Expand your products and you can expand your customer base, especially when back it up with service. “We do managed hosting for 15,000 customers, and many of them run very public sites, the kind of sites that get a black eye if they go down,” Engates says, citing Marines.com as one he can mention. “We want to bring that level of customer service to the cloud. With these new offerings and acquisitions, we expect to open cloud computing to not just more businesses, but different types of businesses and users.”

He believes enterprises eventually will come around to hosting mission-critical applications in the cloud, and there always will be start-ups. As points out, YouTube built its business at Rackspace before being acquired by Google, and there are thousands of small businesses that do not want to manage their Web site and e-mail in-house.

“As we move even further into the cloud, we’ll attract more developers, some advanced hobbyists, and the lone tech guy in the Fortune 500 company who wants to do a pilot project and can’t get the servers he needs because of budget cuts and red tape. We bring the costs down significantly, with no burdensome contract terms,” Engates says.

“Now with the addition of Jungle Disk and simple, scalable cloud storage,” he adds “we hit smaller businesses, and even the consumer market.”

However, not everyone can take advantage of the new offerings, particularly users with high-performance or extreme applications. “We’ve talked to folks in financial services, pharma, oil and gas, scientific research, and they’re interested in the benefits of a cloud infrastructure,” Engates says, “but Cloud Servers is not yet geared toward their needs. It wasn’t designed for HPC.” Rackspace does expect the Slicehost technology to extend to a broader audience, though, and its ability to provision a VM in just minutes should appeal to companies that do not want a permanent grid but do occasionally need a couple hundred servers. “The cloud will be a great place to do that, and that’s part of our roadmap,” Engates says.
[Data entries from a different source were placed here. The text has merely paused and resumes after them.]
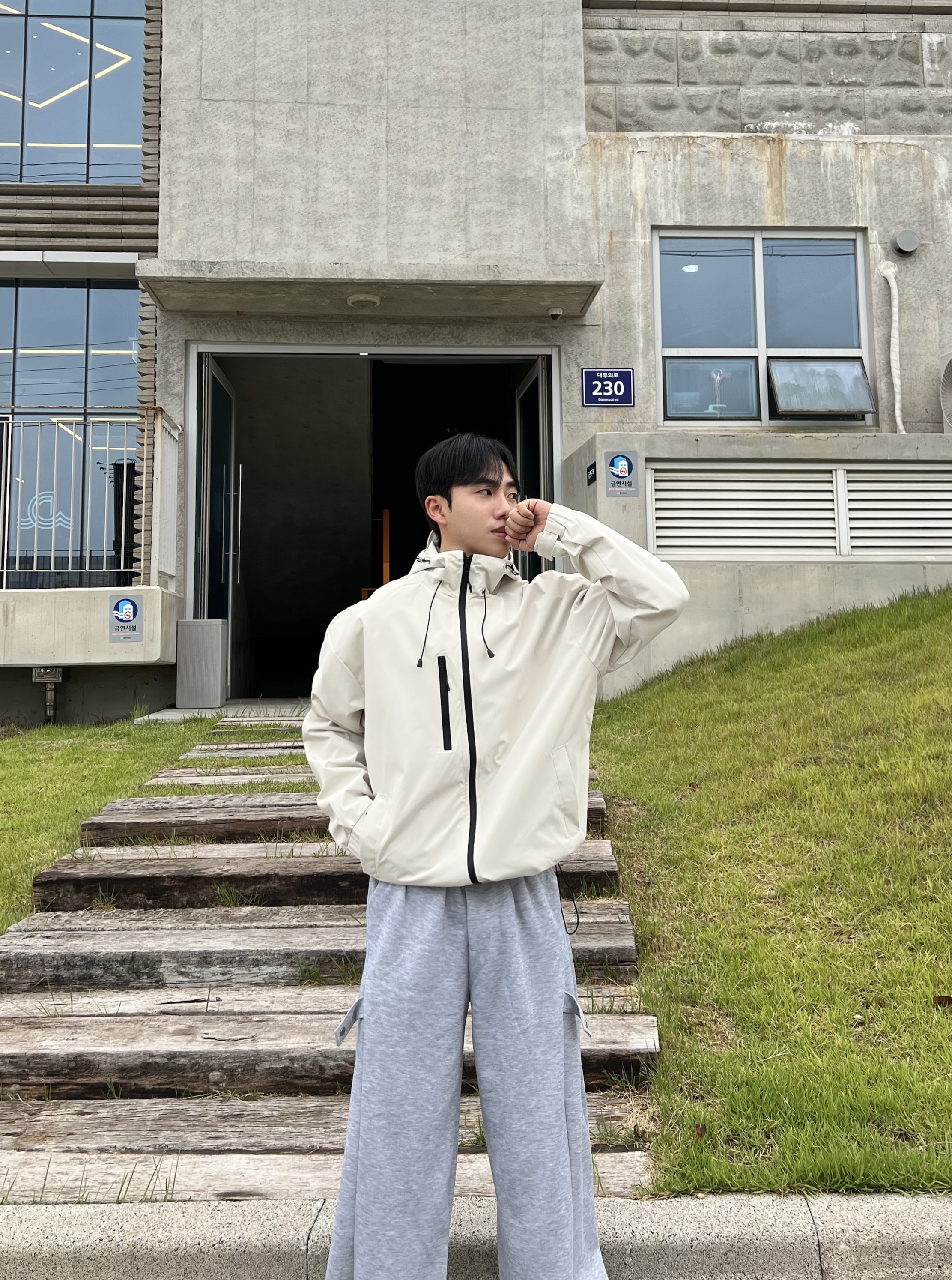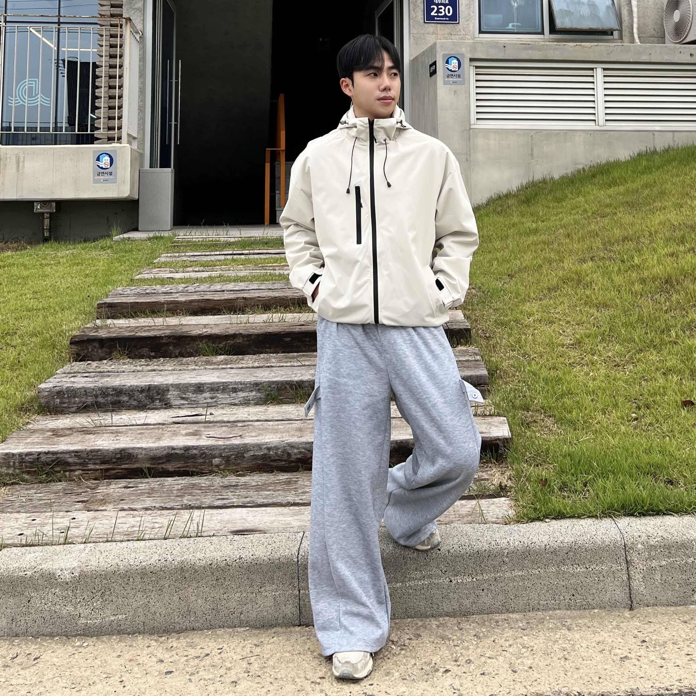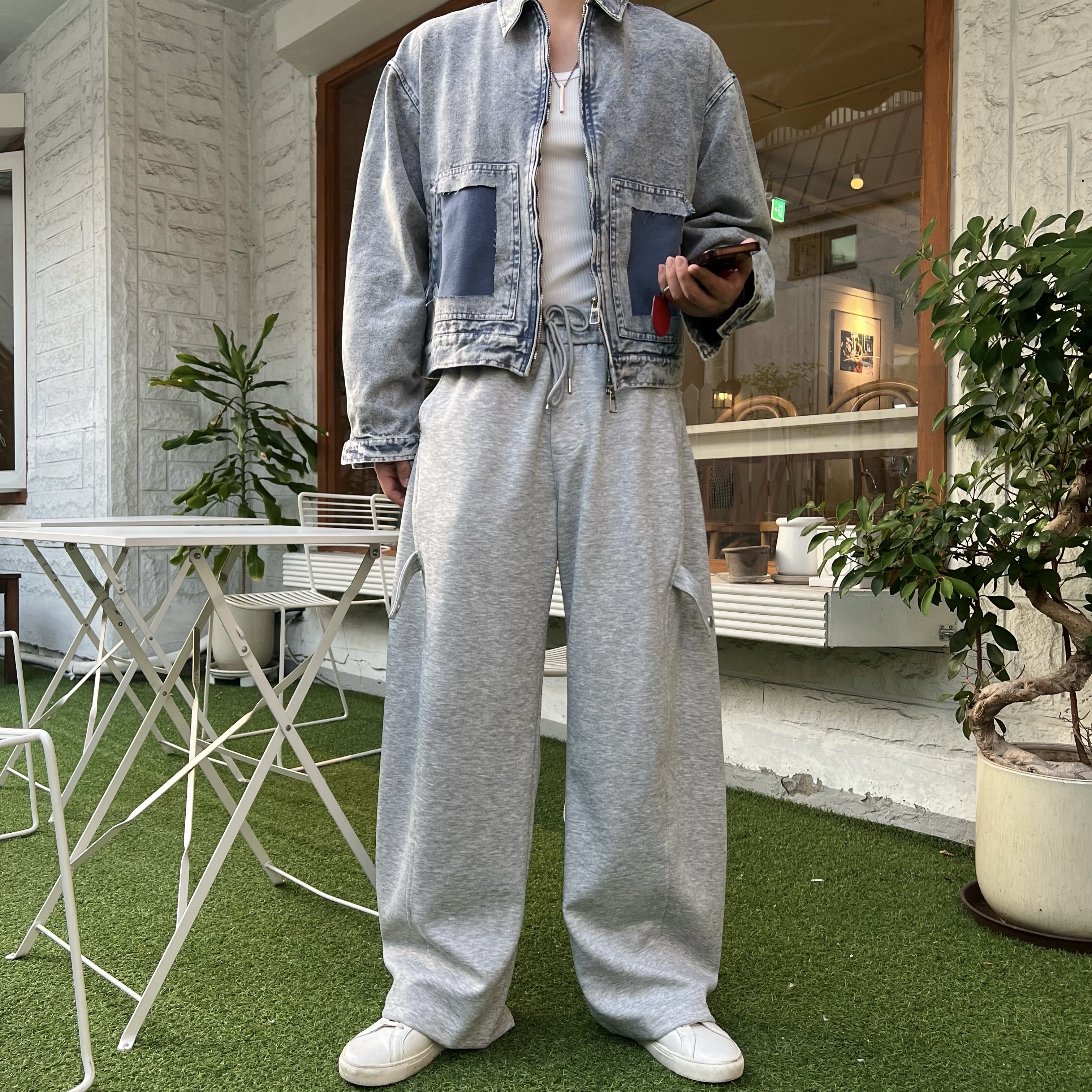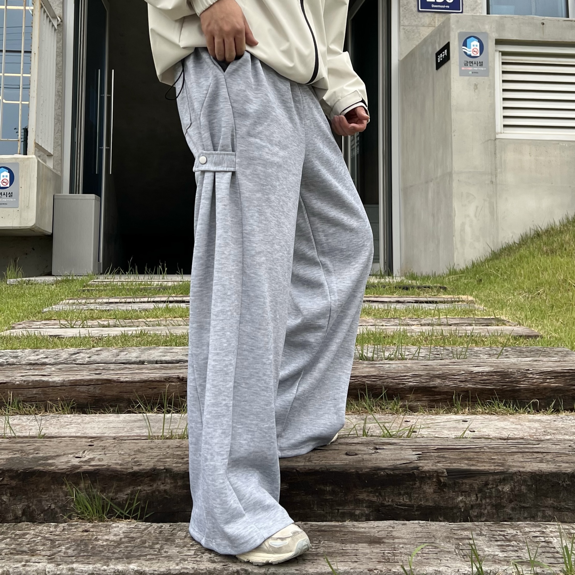 - 과감하게 떨어지는 루즈핏으로 체형 커버와 스타일리시한 무드 연출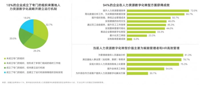 转型之路道阻且长,但企业一旦作出转型的决心,并在这条路上持续投入人力物力,转型成效也会显而易见,数据显示,已经实施转型的68.4%中大型企业中,超九成企业已经获得成效,尤其是人力资源数字化转型在提升企业管理效率上成效更加显著。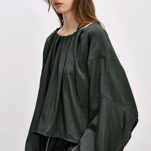 시스템 크링클 스트랩 돌먼 슬리브 셔츠 블라우스
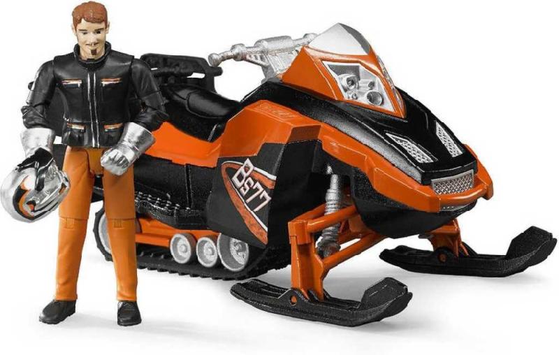 Bruder oranžový sněžný skútr s figurkou má dvojité sedadlo pro 2 figurky BWORLD, dva držáky nářadí, odnímatelné závěsné zařízení, odnímatelné držáky batohů s uchycením krabic s nářadím. Skútr má gumové pásy a zatáčecí lyžiny. Figurka řidiče má helmu a rukavice.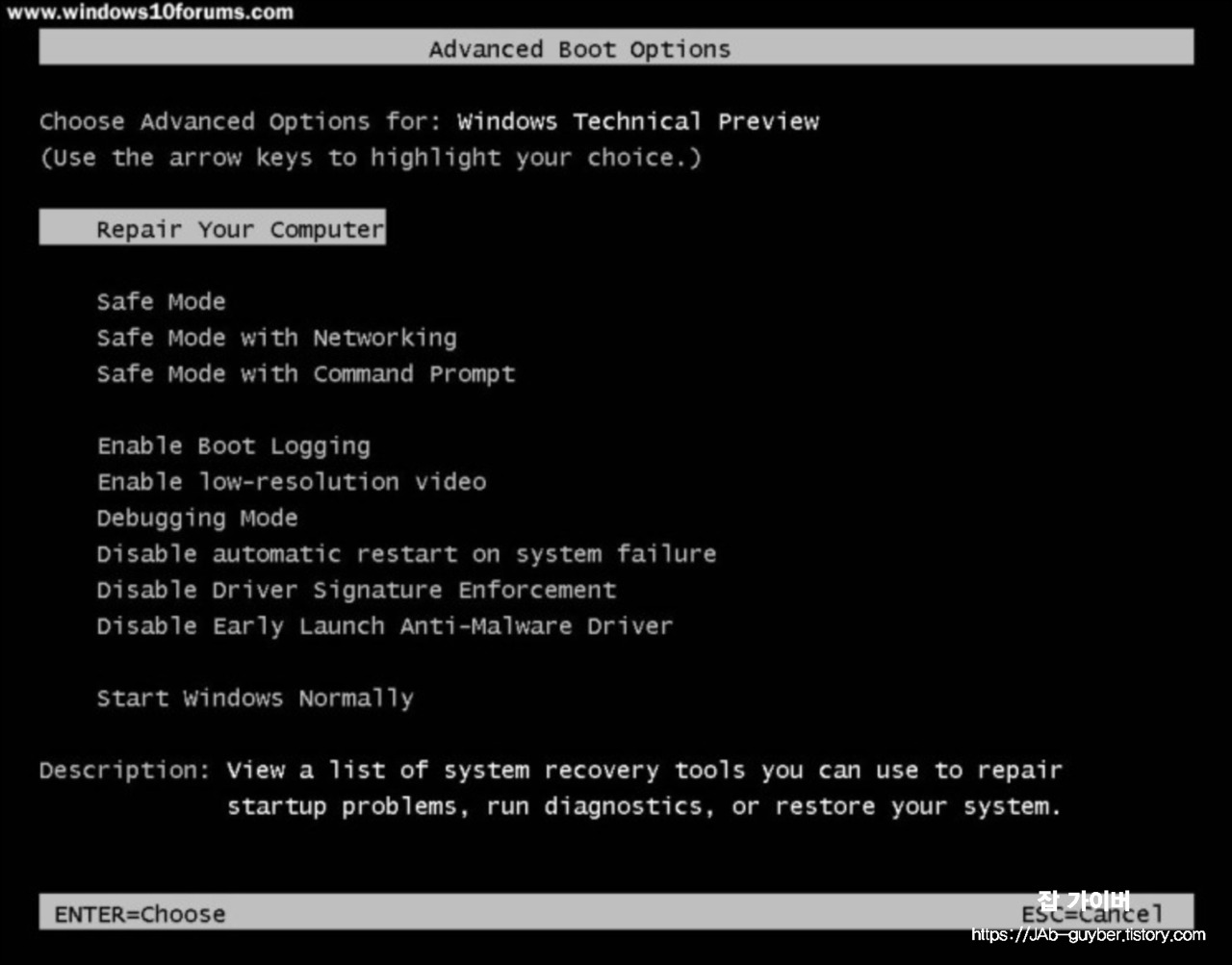 하지만 진짜 트로이목마 및 랜섬웨어 등 바이러스에 감염되었다면 윈도우10 안전모드 부팅해서 복구를 진행하며 트로이목마가 의심되는 경우 아래 6가지 사항에 포함되는지 체크합니다.

Rackspace’s biggest task in meeting its cloud objectives will be “getting the word out,” Tier1’s Golding says. “Educating IT buyers that they have another option is a big challenge, especially when no one really knows what cloud computing is. It’s amorphous. People are doing lots of hand-waving and not getting down to brass tacks. Rackspace is good at having products you can actually use. And, more significantly, their services are available on demand, pay as you go.”

That could be the ticket. “At the end of the day,” Golding says, “even if you work for a large IT company, if you’ve been tasked to find a solution, you’re more likely to use the one where you can just put your credit card down.”